Member of the New Jersey General Assembly from the 34th district
- In office January 13, 1976 – April 18, 1980
- Preceded by: Herb Klein
- Succeeded by: S.M. Terry LaCorte

Personal details
- Born: October 18, 1921 Passaic, New Jersey
- Died: April 18, 1980 (aged 58) Passaic, New Jersey
- Party: Republican
- Spouse: Anne D. Niewaroski
- Children: 1
- Alma mater: New York University

= Emil Olszowy =

American politician

Emil Olszowy (October 18, 1921 – April 18, 1980) was an American Republican Party politician from Passaic, New Jersey. He served on the city council there and for four years in the New Jersey General Assembly.

==Biography==
Olszowy was born in Passaic in 1921. He married Anne D. Niewaroski and had one son, Ronald, born in 1945. He served in the United States Navy during World War II and from 1947 to 1968 was in the United States Army Reserve attaining the rank of Major. A graduate from New York University, he worked as an insurance broker and was vice president of the Manhattan Rubber Workers Union. He also was a part of the American Legion.
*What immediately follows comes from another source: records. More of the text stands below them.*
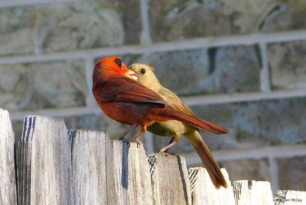 The quiet wild has been a favorite visiting site for a pair of Cardinals. They seem to be sharing a special moment in this image.
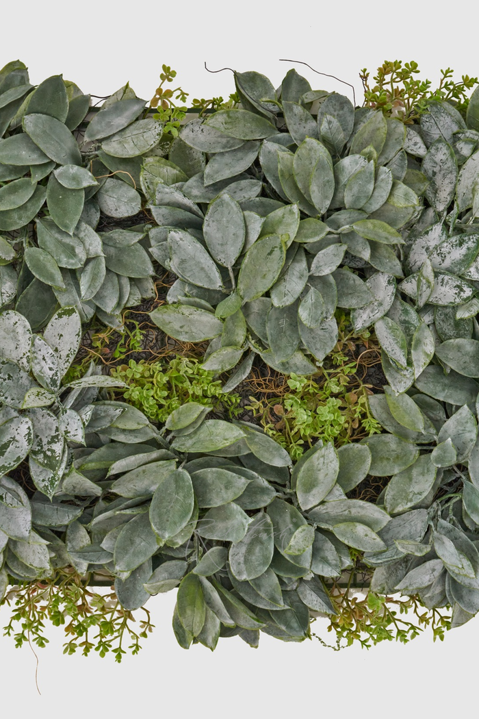 Данное панно - аналогично панно с папоротником. Размеры технической основы 39,5*59,5, но листья выступают за край, поэтому округлим до 40*60см, высота 5-6см.В основе пластиковая сетка, на которой закреплена пластиковая основа (похожая на сухую траву), а уже потом крепится листва. Материал - мягкий пластик, но на ощупь очень близко к плотному силикону. Листва достаточно густая, напоминает растение Хоста. Цвет зеленый с белесым напылением, которое преобразует листву, делая ее более объёмной и живой. Между листиками есть веточки, которые похожи на мелкие суккуленты, они прекрасно дополняют основу. Такое панно удобно крепить и за ним легко ухаживать. Из такого панно можно сделать стену или использовать его с другими растениями в качестве одно из элементов декора.
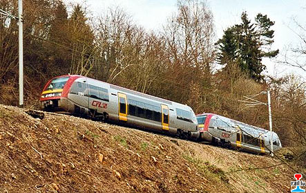 Autorails diesel CFL 2104 et 2105 à Cents (Photo: 17.3.2001 Marc Theis)
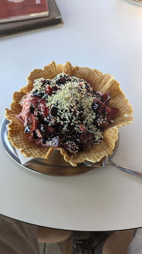 Whilst it was quite busy, we found a free table and were soon being waited on by an efficient and friendly young lady who patiently waited as we tried to compile our order together. Two of us went for the waffles with hot fruit, whipped cream and ice cream. Drinks were coffee and...
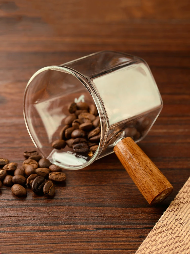 Молочная чашка для кофе с деревянной ручкой, Офисная чашка для извлечения кофе, молочный контейнер, маленькая мерная чашка со шкалой, фотография
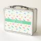 Green Blue Dinosaur Pattern Custom Name Metal Lunch Box
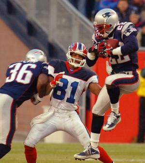 Then Bledsoe had his first pass picked off and the Pats were in business again. Anthony Pleasant got his hands on a Bledsoe pass and Richard Seymour picked it off returning it down to the Bills 9. Brady hit Donald Hayes in the endzone and the Pats were up 17-0.
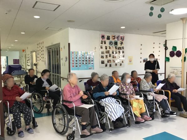 参加された皆さまは歌詞カードを手に取り、はじめは控えめな声でしたが、曲が進むにつれて声に張りが出てきて、表情も次第にほころんでいきます。
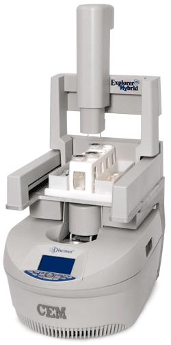 The group has a CEM explorer hybrid-12 microwave synthesiser capable of automatically switching between 10ml and 35ml vials. This is controlled by the desktop computer in the write-up area.
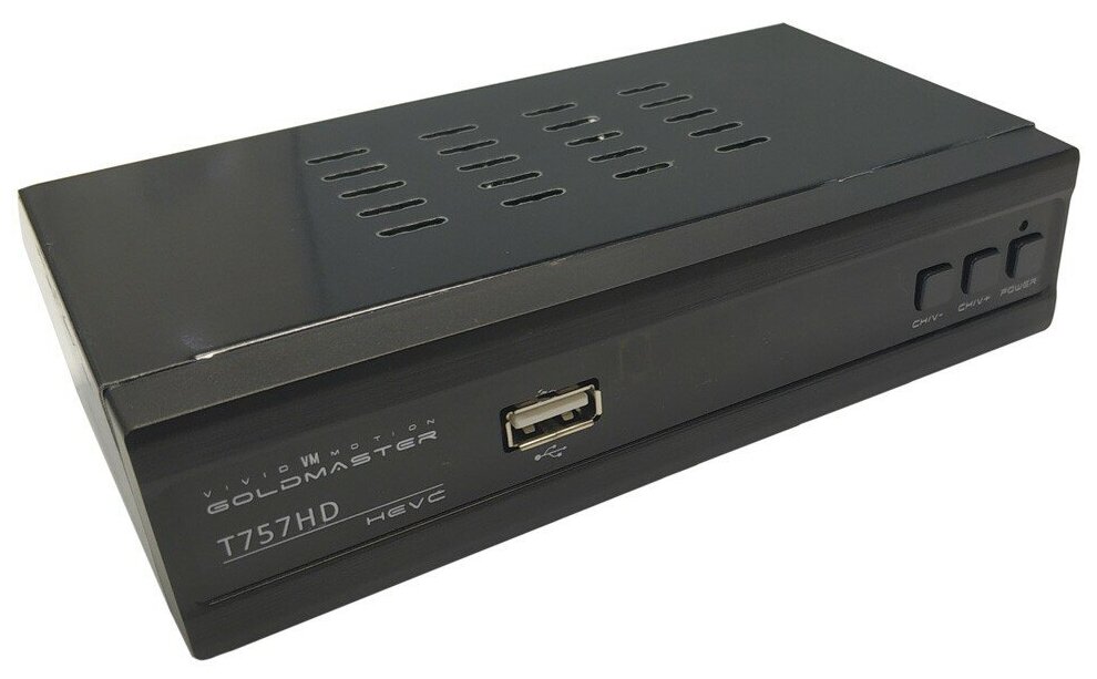 Цифровой телевизионный приемник GoldMaster T-757HD (DVB-T2 / C / IPTV, DVB-T2 / C / IPTV, H.265, металл, дисплей, кнопки, внешнийБП) (Приставка цифровая)
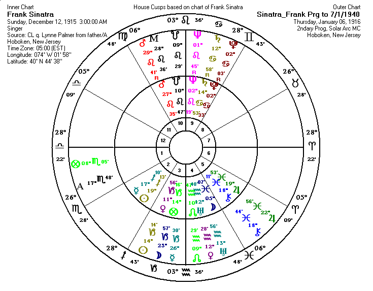 However, Venus, the ruler of his chart, is in class-conscious Capricorn, and weighed down by an opposition to Saturn. Being Italian-American gave Sinatra deep feelings of inferiority which fueled his need to make something of himself. When his progressed Venus conjoined natal Uranus in 1940, Sinatra had joined the famous Tommy Dorsey band, and girls started screaming and swooning during his love ballads.
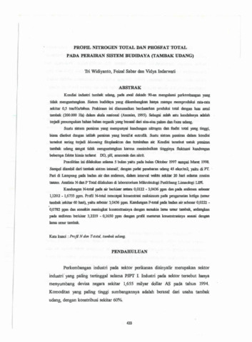 Kondisi industri tambak udang, pada awal dekade 90-an mengalami perkembangan yang tidak menguntungkan. Sistem budidaya yang dikembangkan hanya mampu memproduksi rata-rata sekitar 0,5 ton/Ha/tahun. Prakiraan inidiasumsikan berdasarkan produksi total dengan luas arealtambak (200.000 Ha) dalam skala nasional (Anonim, 1995). Sebagai salah satu kendalanya adalah terjadi penumpukan bahan bahan organik yang berasal dari sisa-sisa pakan dan feces udang.Suatu sistem perairan yang mempunyai kandungan nitrogen dan fosfat total yang tinggi, biasa disebut dengan istilah perairan yang bersifat eutrofik. Suatu sistem perairan dalam kondisi tersebut sering terjadi blooming fitoplankton dan tumbuhan air. Kondisi tersebut untuk perairan tambak udang sangat tidak menguntungkan karena menimbulkan tingginya fluktuasi kandungan beberapa faktor kimia terlarut DO, pH, ammonia dan nitrit.Penelitian inidilakukan selama 5bulan yaitu pada bulan Oktober 1997 sampai Maret 1998.Sampel diambil dari tambak sistem intensif, dengan padat penebaran udang 45 ekor/m2, yaitu di PT.Pari di Lampung pada badan air dan sedimen, dalam interval waktu sekitar 20 hari selarna musim tanam. Analisis N dan P Total dilakukan di laboratorium Mikrobiologi Puslitbang Limnologi LIP!.Kandungan N-total pada air berkisar antara 0,0122 - 3,0436 ppm dan pada sedimen sebesar 1,1202 - 1,6733 ppm. Profil N-total mencapai konsentrasi maksimum pada pengamatan ketiga (umur tambak sekitar 60 hari), yaitu sebesar 3,0436 ppm. Kandungan P-total pada badan air sebesar 0,0222 0,0782 ppm dan semakin meningkat konsentrasinya dengan semakin lama umur tambak, sedangkan pada sedimen berkisar 3,2219 - 0,1650 ppm dengan profil menurun konsentrasinya sesuai dengan lama umur tambak.
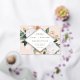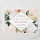 Elegante Blumen-Hochzeitseinladung kennzeichnet Ihre Hochzeitsdetails in modernem Schriftsatz, Set in einem geometrisch rautenförmigen Rahmen aus pastellfarbenen Blume und botanischem Blattwerk in Wüste inspirierte Erdtontöne von Pfirsich, Salbei Grün, Weiß und Elfenbein. Die Goldfolienbespannung rundet das Aussehen nach einer luxuriösen Touch ab.

In January 1973, Olszowy was appointed to the Passaic city council and was elected to the council in November. He served on the council until taking his seat in the Assembly. In 1975, Olszowy ran for the Assembly from the 34th district consisting of southern Passaic County municipalities. Though Democratic incumbent William J. Bate came overwhelmingly in first place in the general election, Olszowy defeated another incumbent Democrat Herb Klein by just under 500 votes. Klein's backing of Governor Brendan Byrne's state income tax proposal was a factor in his defeat. During a late night 1976 session in the sweltering Assembly chambers during a debate on the creation of the income tax, Olszowy stood up. Speaker Joseph A. LeFante called on Olszowy to ask for the reason of his rising. Olszowy responded, "Mr. Speaker, I rise to aerate my shorts." He was reelected in 1977 and 1979, both times with Democrat Bate.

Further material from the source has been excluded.